• [REQUIREMENT]: For this exercise, return exactly the lines of the material below that begin at the one with "Tela de Franela" and stop after the one with "Solana trades in".

• [DATA PROVIDED]:
Start of Block
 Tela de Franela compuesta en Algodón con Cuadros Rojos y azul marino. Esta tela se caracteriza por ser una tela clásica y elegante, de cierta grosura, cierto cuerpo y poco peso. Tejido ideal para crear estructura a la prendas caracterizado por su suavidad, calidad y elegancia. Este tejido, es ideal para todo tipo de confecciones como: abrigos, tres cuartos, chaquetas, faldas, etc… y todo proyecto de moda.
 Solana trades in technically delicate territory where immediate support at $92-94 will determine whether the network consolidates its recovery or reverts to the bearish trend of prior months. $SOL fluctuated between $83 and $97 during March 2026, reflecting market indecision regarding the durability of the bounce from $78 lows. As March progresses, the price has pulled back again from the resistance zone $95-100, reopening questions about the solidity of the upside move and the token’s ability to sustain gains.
End of Block
Start of Block
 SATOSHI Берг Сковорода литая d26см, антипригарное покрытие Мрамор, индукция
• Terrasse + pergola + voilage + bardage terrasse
End of Block
Start of Block
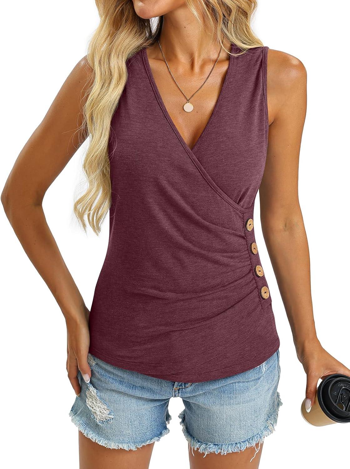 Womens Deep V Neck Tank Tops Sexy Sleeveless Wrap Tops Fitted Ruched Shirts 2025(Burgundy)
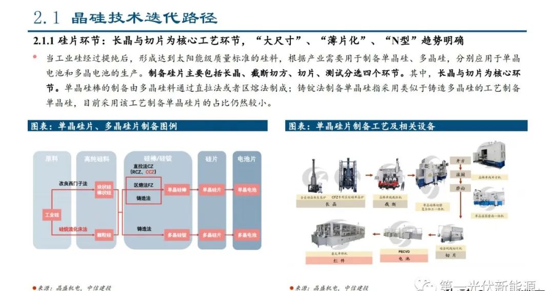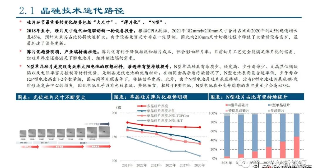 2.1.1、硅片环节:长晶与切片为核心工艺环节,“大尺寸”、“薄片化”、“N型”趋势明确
End of Block
• [THE COMPLETED TASK]:
 Tela de Franela compuesta en Algodón con Cuadros Rojos y azul marino. Esta tela se caracteriza por ser una tela clásica y elegante, de cierta grosura, cierto cuerpo y poco peso. Tejido ideal para crear estructura a la prendas caracterizado por su suavidad, calidad y elegancia. Este tejido, es ideal para todo tipo de confecciones como: abrigos, tres cuartos, chaquetas, faldas, etc… y todo proyecto de moda.
 Solana trades in technically delicate territory where immediate support at $92-94 will determine whether the network consolidates its recovery or reverts to the bearish trend of prior months. $SOL fluctuated between $83 and $97 during March 2026, reflecting market indecision regarding the durability of the bounce from $78 lows. As March progresses, the price has pulled back again from the resistance zone $95-100, reopening questions about the solidity of the upside move and the token’s ability to sustain gains.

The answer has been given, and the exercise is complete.